Sparse Tensor Algebra Compilation using Equality Saturation
2024-04-18
Amir Shaikhha will present their recent work (from CGO 2024) on A Tensor Algebra Compiler for Sparse Differentiation.
Slide from the presentation: pdf.
Abstract:
Tensor programs often need to process large tensors (vectors, matrices, or higher-order tensors) that require a specialized storage format for their memory layout. Several such layouts have been proposed in the literature, such as the Coordinate Format, the Compressed Sparse Row format, and many others, that were especially designed to optimally store tensors with specific sparsity properties. However, existing tensor processing systems require specialized extensions in order to take advantage of every new storage format. In this paper, we describe a system that allows users to define flexible storage formats in a declarative tensor query language similar to the language used by the tensor program.

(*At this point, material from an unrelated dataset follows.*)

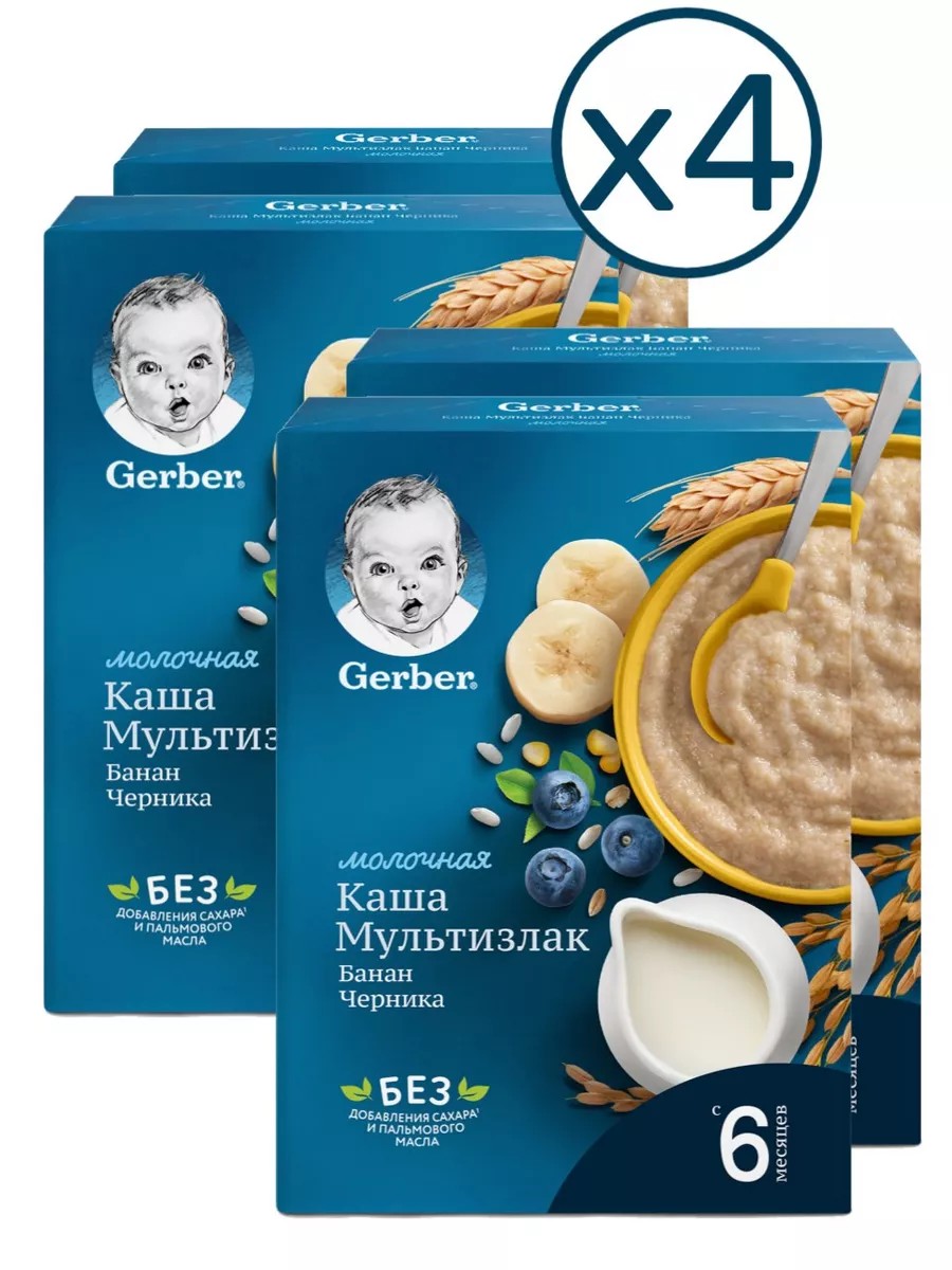 Молочная мультизлаковая каша GERBER с бананом и черникой для питания детей старше 6 месяцев согласно законодательству РФ.

The programmer only needs to write storage mappings, which describe, in a declarative way, how the tensors are laid out in main memory. Then, we describe a cost-based optimizer that optimizes the tensor program for the specific memory layout. Additionally, our design enables automatic differentiation (AD) of sparse tensors; state-of-the-art tensor frameworks only support the AD computation for dense tensors, which results in substantial memory and computational overheads. We demonstrate empirically significant performance improvements compared to state-of-the-art tensor processing systems.
Bio:
Amir Shaikhha is an Assistant Professor (Lecturer) in the School of Informatics at the University of Edinburgh. His research focuses on the design and implementation of data-analytics systems by using techniques from databases, programming languages, compilers, and machine learning communities. Prior to that, he was a Departmental Lecturer at Oxford. He earned his Ph.D. from EPFL in 2018, for which he was awarded a Google Ph.D. Fellowship in structured data analysis, as well as a Ph.D. thesis distinction award. He has won the Best Paper Award at GPCE 2017 and the Most Reproducible Paper Award at SIGMOD 2017. He (co-)chaired the program committees of DBPL 2021, Scala 2022, and GPCE 2023.